# [Work to be completed]
The entries that follow must be given again exactly, with no pictures kept.
◇ ◇ ◇ ◇ ◇
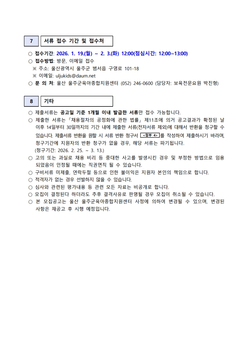 | ´ÙÀ½±Û | ¿ï»ê ¿ïÁÖ±ºÀ°¾ÆÁ¾ÇÕÁö¿ø¼¾ÅÍ Á÷¿ø(ºÎ¸ð‧ÀÚ³à üÇèȰµ¿ º¸Á¶°»ç) ä¿ë °ø°í |
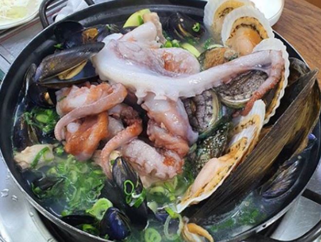 손질한 전복과 새우 바지락 낙지를 넣고 오분에서 십분 정도 살짝 끓여주셔야합니다.
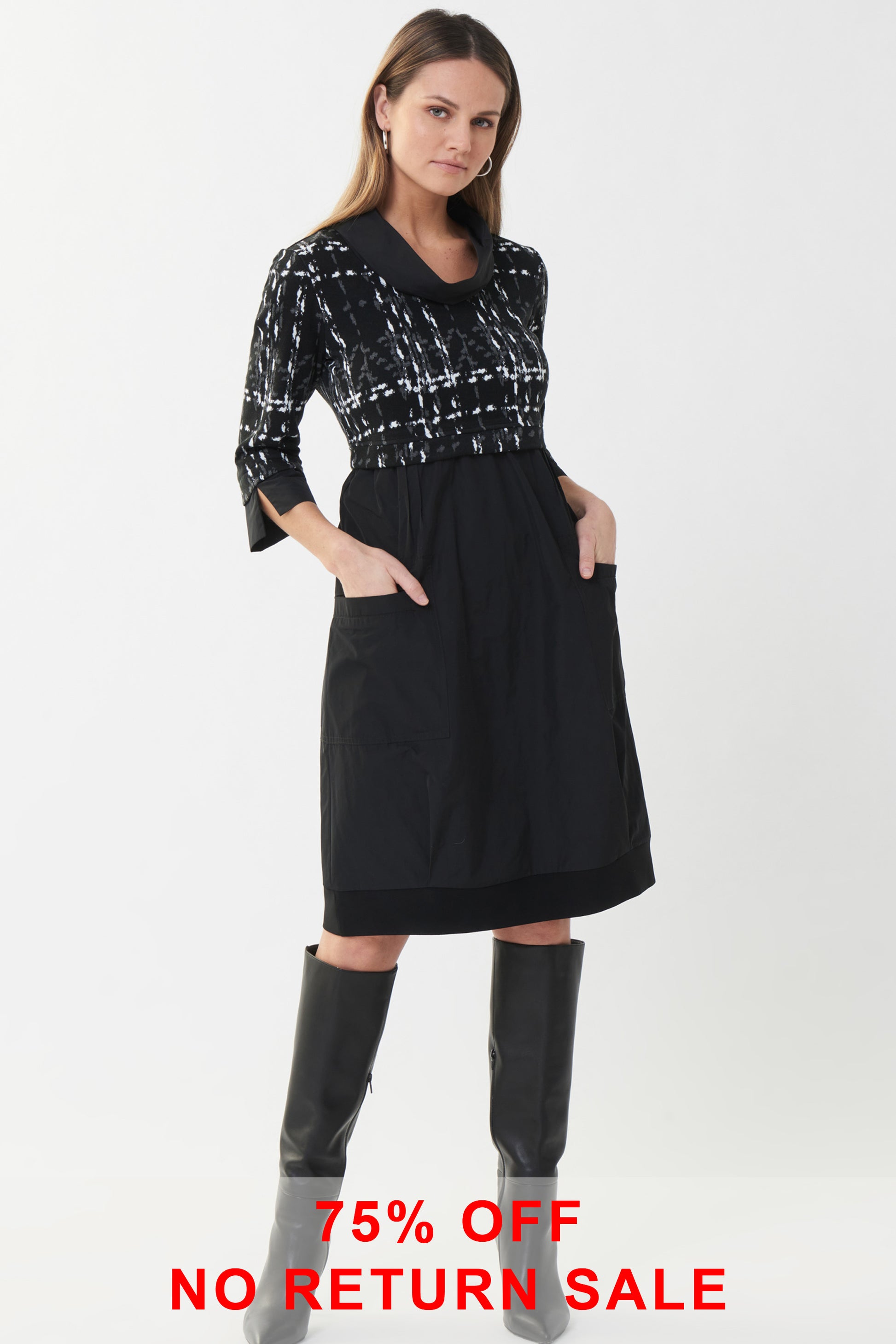 Joseph Ribkoff Checked Cowl Neck Dress Black/White 223232-1874
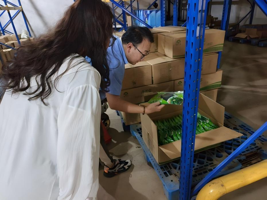 跟隨工作人員進入廠房,我們有幸在參觀區觀察工作人員的流水打包工作。海之寶廠房內的各項設施有機結合,打包速度與質量皆有很高水平。見我們如此驚訝,工作人員繼續補充道:“現在國家對我們海洋產業的發展十分看重,因此也給予了我們許多的創新科技支撐。正是因為榮成獨特的生態環境,造就了優良的海帶;也正是因為海洋科技的發展,更多的海洋加工品得以問世。”隨手拿起一包加工好的海帶產品,我們都可從其包裝及重量中感受到海之寶公司滿滿的誠意。
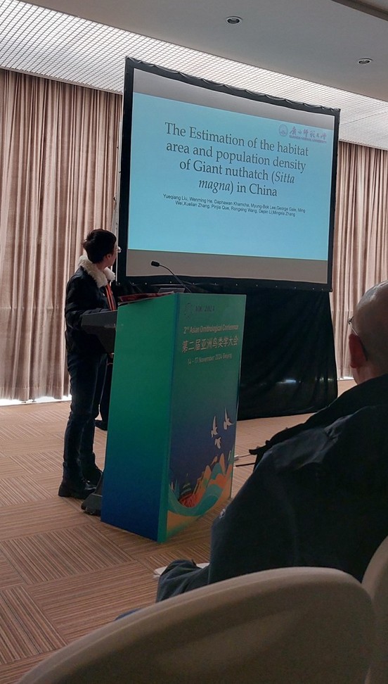 我院戴传银教授、张明霞副教授、马艳菊副教授一行三人参加了本次大会。其中,张明霞副教授受邀作以“The Estimation of the habitat area and population size of Giant Nuthatch (Sitta magna) in China.”为主题的学术报告;马艳菊副教授受邀作以“Mercury distribution in five populations of Siberian ruby throats (Calliope calliope) with different migration routes.”和“Mercury contamination the invisible threat to declining migratory shorebirds along the East Asian-Australasian Flyway.”为主题的学术报告,展示了我院在鸟类学研究领域的重要进展和创新成果。
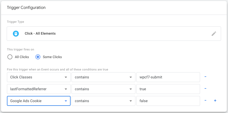 lastFormattedReferrer contains true & Google Ads Cookie contains false
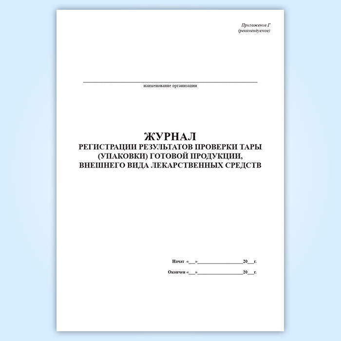 Журнал регистрации результатов проверки тары (упаковки) готовой продукции, внешнего вида лекарственных средств (форма Г) в Бердске купить
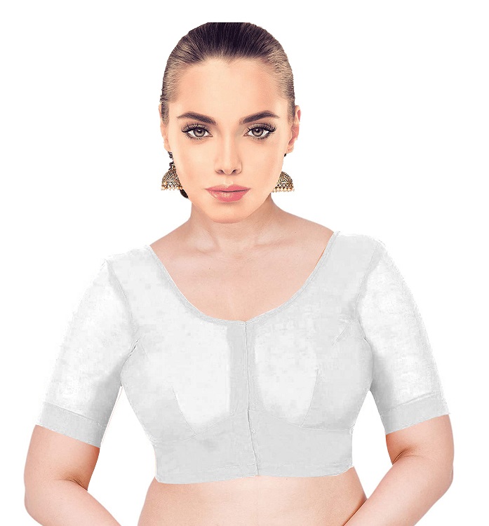 Bharatiya Premium Alite Cut Cotton Saree Blouse, Above Elbow Sleeve, All Season Comfortable | White
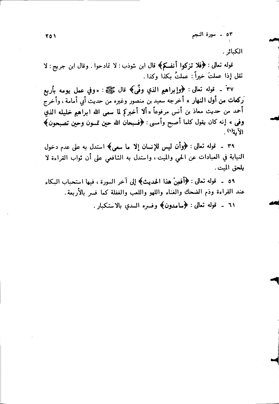 إلى آخر السورة، فيها استحباب البكاء عند القراءة وذم الضحك والغناء واللهو واللعب والغفلة كما فسر بالأربعة.
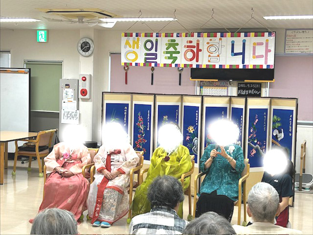 9月・10月お誕生日会 2025.09.26 イベント 9月25日に9月・10月お生まれの利用者様のお誕生日会を開催しました。 いつものように韓服(ハンボク)を着ていただき、理事長からお祝いの言葉とクンジョル(大礼)させていただきました。 また、お孫様もお祝いに駆けつけてくださり、ハルモニにお祝いの言葉を述べられました。 異郷日本での生活は大変な苦労だったと思います。その苦労の上に、今の私たちがいることに感謝し、皆さまが末永く健やかに暮らしていただけるよう今後もご支援させていただきます。 Tweet Share Hatena Pocket RSS feedly Pin it 投稿者: sanboram イベント 敬老の日前の記事 秋月(チュソク)の昼食次の記事
◇ ◇ ◇ ◇ ◇
# [Solution for this problem]
 | ´ÙÀ½±Û | ¿ï»ê ¿ïÁÖ±ºÀ°¾ÆÁ¾ÇÕÁö¿ø¼¾ÅÍ Á÷¿ø(ºÎ¸ð‧ÀÚ³à üÇèȰµ¿ º¸Á¶°»ç) ä¿ë °ø°í |
 손질한 전복과 새우 바지락 낙지를 넣고 오분에서 십분 정도 살짝 끓여주셔야합니다.
 Joseph Ribkoff Checked Cowl Neck Dress Black/White 223232-1874
 跟隨工作人員進入廠房,我們有幸在參觀區觀察工作人員的流水打包工作。海之寶廠房內的各項設施有機結合,打包速度與質量皆有很高水平。見我們如此驚訝,工作人員繼續補充道:“現在國家對我們海洋產業的發展十分看重,因此也給予了我們許多的創新科技支撐。正是因為榮成獨特的生態環境,造就了優良的海帶;也正是因為海洋科技的發展,更多的海洋加工品得以問世。”隨手拿起一包加工好的海帶產品,我們都可從其包裝及重量中感受到海之寶公司滿滿的誠意。
 我院戴传银教授、张明霞副教授、马艳菊副教授一行三人参加了本次大会。其中,张明霞副教授受邀作以“The Estimation of the habitat area and population size of Giant Nuthatch (Sitta magna) in China.”为主题的学术报告;马艳菊副教授受邀作以“Mercury distribution in five populations of Siberian ruby throats (Calliope calliope) with different migration routes.”和“Mercury contamination the invisible threat to declining migratory shorebirds along the East Asian-Australasian Flyway.”为主题的学术报告,展示了我院在鸟类学研究领域的重要进展和创新成果。
 lastFormattedReferrer contains true & Google Ads Cookie contains false
 Журнал регистрации результатов проверки тары (упаковки) готовой продукции, внешнего вида лекарственных средств (форма Г) в Бердске купить
 Bharatiya Premium Alite Cut Cotton Saree Blouse, Above Elbow Sleeve, All Season Comfortable | White
 إلى آخر السورة، فيها استحباب البكاء عند القراءة وذم الضحك والغناء واللهو واللعب والغفلة كما فسر بالأربعة.
 9月・10月お誕生日会 2025.09.26 イベント 9月25日に9月・10月お生まれの利用者様のお誕生日会を開催しました。 いつものように韓服(ハンボク)を着ていただき、理事長からお祝いの言葉とクンジョル(大礼)させていただきました。 また、お孫様もお祝いに駆けつけてくださり、ハルモニにお祝いの言葉を述べられました。 異郷日本での生活は大変な苦労だったと思います。その苦労の上に、今の私たちがいることに感謝し、皆さまが末永く健やかに暮らしていただけるよう今後もご支援させていただきます。 Tweet Share Hatena Pocket RSS feedly Pin it 投稿者: sanboram イベント 敬老の日前の記事 秋月(チュソク)の昼食次の記事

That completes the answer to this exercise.